I decided that it was time I found out more about The Pain. Know your enemy and all that. When Mum sat down at the kitchen table with the coffee I’d brewed up for her, I made my move.
‘So … how did you two meet anyway?’
Mum set her mug back down on the table.
‘Actually … Danny and I first met on a professional basis, about six months ago, but then I didn’t bump into him again socially until a few weeks back. I was doing some shopping in my lunch break and he was doing the same. We recognised each other and had a coffee together and at the end he asked if I’d be interested in maybe going to the pictures with him sometime.’
‘And you said yes? Just like that?’
It seemed a reasonable enough question to me, but judging from the rolling eyes, I’m not sure everyone agreed.
‘No, Maggie, don’t be silly. First I consulted the high priests and the soothsayers, after which I had a local witch doctor foretell my future by slaughtering a chicken and reading its entrails, and then, and only then, when all the signs were positive and all the stars in the heavens properly aligned, did I finally give my consent.’
I returned the rolled eyes with interest.
‘Mrs Warwick says sarcasm is the lowest form of wit.’
My mother struck a ridiculous kung-fu karate pose.
‘Except in the hands of the Master!’
‘Mum, seriously, you shouldn’t try to be funny. It’s just embarrassing. I’m telling you this for your own good.’

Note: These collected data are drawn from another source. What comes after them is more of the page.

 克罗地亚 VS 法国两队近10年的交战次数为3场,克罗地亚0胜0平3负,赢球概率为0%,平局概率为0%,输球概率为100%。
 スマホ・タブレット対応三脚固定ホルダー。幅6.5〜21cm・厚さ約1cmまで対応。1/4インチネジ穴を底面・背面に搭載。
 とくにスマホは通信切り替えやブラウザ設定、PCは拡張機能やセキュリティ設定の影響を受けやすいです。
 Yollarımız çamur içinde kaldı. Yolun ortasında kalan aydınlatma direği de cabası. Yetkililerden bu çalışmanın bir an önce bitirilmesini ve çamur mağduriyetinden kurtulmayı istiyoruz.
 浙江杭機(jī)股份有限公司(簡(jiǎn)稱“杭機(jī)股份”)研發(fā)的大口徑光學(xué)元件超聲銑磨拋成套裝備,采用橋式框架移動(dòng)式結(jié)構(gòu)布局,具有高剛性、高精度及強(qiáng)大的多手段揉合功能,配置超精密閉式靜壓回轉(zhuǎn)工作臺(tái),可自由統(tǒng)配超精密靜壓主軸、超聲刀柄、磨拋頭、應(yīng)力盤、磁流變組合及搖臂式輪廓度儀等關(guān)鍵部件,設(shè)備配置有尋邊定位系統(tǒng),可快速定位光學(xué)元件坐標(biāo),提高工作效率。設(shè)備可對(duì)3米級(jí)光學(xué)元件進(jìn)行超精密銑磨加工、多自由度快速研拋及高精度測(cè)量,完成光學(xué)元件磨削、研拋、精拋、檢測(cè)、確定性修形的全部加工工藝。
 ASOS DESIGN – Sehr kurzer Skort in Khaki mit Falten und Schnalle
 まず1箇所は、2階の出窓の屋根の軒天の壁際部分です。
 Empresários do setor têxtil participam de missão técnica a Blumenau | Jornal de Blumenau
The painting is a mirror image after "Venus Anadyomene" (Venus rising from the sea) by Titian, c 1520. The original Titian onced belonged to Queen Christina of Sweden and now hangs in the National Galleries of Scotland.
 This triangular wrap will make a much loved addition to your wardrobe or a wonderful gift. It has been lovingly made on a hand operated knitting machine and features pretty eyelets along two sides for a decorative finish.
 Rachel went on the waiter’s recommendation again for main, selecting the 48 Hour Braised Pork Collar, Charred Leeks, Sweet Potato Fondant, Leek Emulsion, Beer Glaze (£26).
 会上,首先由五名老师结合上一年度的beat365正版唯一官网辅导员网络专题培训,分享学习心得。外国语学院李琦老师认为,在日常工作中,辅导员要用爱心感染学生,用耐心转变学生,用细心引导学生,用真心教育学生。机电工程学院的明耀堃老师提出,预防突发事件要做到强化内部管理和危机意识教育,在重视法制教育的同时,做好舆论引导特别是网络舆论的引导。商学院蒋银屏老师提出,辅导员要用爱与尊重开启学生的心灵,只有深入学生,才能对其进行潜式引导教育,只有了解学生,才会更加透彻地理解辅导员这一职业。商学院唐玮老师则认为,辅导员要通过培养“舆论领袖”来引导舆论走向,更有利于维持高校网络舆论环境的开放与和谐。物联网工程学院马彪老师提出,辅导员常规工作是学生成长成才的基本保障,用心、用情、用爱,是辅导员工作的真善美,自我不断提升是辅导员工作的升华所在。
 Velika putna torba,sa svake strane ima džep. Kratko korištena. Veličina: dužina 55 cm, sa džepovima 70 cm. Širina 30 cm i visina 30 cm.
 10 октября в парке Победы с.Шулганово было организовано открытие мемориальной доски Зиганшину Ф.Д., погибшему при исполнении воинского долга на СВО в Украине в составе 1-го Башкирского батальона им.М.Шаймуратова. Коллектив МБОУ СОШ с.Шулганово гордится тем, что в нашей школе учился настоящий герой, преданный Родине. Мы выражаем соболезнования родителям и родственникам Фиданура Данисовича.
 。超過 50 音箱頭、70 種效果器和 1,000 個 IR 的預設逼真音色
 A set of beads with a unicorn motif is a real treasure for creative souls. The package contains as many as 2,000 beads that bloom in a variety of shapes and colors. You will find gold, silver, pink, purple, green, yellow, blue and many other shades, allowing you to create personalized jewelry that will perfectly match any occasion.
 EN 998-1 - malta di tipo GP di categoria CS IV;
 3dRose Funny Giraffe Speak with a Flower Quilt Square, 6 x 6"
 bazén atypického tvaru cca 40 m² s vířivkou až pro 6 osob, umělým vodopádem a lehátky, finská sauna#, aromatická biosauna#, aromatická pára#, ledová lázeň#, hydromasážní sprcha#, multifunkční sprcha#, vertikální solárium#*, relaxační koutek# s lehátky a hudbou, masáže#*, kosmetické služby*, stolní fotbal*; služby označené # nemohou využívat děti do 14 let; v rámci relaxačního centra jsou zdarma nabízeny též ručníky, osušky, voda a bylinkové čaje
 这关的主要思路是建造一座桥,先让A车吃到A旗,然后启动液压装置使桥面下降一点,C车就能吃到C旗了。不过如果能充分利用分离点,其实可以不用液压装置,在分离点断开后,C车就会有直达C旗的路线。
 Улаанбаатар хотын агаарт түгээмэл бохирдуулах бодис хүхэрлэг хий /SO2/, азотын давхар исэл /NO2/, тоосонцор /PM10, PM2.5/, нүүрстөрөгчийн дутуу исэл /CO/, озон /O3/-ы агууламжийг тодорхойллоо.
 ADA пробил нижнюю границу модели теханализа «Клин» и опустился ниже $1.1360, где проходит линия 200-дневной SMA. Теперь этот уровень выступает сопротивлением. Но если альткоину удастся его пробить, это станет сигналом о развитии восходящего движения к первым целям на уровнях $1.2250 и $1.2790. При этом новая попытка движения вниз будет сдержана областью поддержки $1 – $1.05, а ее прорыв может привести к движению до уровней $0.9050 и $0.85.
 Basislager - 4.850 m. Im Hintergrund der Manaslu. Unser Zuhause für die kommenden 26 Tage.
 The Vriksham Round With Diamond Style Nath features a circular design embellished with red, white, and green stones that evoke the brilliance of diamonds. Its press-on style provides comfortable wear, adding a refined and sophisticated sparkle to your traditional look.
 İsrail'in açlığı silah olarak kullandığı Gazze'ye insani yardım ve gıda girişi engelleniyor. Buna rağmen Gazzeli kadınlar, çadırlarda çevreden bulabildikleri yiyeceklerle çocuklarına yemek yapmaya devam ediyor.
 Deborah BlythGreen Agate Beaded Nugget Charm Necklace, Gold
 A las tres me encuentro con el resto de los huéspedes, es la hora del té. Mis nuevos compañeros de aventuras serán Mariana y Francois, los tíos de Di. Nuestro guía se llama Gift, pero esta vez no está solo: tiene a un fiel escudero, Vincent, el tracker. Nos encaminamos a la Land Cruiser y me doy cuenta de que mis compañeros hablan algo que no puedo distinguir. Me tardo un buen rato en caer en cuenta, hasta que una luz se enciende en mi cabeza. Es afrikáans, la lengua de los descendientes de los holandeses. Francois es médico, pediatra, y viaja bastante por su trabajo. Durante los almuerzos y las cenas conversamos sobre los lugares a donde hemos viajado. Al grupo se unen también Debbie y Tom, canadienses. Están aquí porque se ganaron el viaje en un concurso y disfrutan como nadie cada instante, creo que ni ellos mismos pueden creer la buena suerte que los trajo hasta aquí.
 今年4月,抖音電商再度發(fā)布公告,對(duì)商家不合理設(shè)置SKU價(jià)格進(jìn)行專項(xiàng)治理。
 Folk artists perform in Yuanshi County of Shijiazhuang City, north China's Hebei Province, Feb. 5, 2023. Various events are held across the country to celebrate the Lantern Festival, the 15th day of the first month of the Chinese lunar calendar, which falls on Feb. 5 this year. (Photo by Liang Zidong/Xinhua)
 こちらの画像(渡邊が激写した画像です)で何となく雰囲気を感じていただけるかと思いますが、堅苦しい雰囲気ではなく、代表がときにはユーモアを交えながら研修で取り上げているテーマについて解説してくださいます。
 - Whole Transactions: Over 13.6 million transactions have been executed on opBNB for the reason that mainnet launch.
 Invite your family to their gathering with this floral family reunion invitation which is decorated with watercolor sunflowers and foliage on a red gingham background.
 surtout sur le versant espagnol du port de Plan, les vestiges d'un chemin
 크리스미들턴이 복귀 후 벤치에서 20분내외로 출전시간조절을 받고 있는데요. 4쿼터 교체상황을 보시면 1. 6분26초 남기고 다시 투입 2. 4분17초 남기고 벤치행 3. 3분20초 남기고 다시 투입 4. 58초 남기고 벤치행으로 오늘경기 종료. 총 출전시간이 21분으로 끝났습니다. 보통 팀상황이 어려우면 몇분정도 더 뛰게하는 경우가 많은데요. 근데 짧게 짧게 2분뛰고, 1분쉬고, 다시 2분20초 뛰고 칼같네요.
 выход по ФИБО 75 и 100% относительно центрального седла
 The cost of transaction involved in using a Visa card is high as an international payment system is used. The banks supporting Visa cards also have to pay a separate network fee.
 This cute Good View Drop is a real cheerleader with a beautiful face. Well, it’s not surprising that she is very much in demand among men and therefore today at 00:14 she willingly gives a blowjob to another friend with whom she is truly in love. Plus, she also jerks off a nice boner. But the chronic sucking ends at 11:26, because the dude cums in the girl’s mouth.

‘Nonsense. You’re just jealous.’
‘Of course I am. I’d just love to be able to humiliate myself the way you do. Anyway, fine, whatever. But what did you mean when you said you first met six months ago … professionally?’
Mum pushed herself back in her chair and studied me.
‘Can I just enquire at this point if I’m going to be charged with anything here, detective? Maybe my lawyer should be present.’
I shook my head at her.
‘Mum, remember what I just said about trying to be funny?’
‘Fine. Then if you must know, we met at his place of work. I suppose you might say that an acquaintance of mine brought us together.’
So, an acquaintance of my mother’s was responsible for bringing The Pain into my life, hey. Now we were getting somewhere. Well, that acquaintance had a lot to answer for!
‘An acquaintance? Anyone I know?’
‘I should think so.’
‘Really? Who?’
Mum breathed in. She pressed her lips together and lowered her eyes before breathing out an answer.
‘It was you, Maggie.’
Me? Not only was that clearly ridiculous, it was also straight-out impossible. I’d never seen The Pain before in my life. I would definitely remember him if I had. Was this supposed to be some kind of sick joke?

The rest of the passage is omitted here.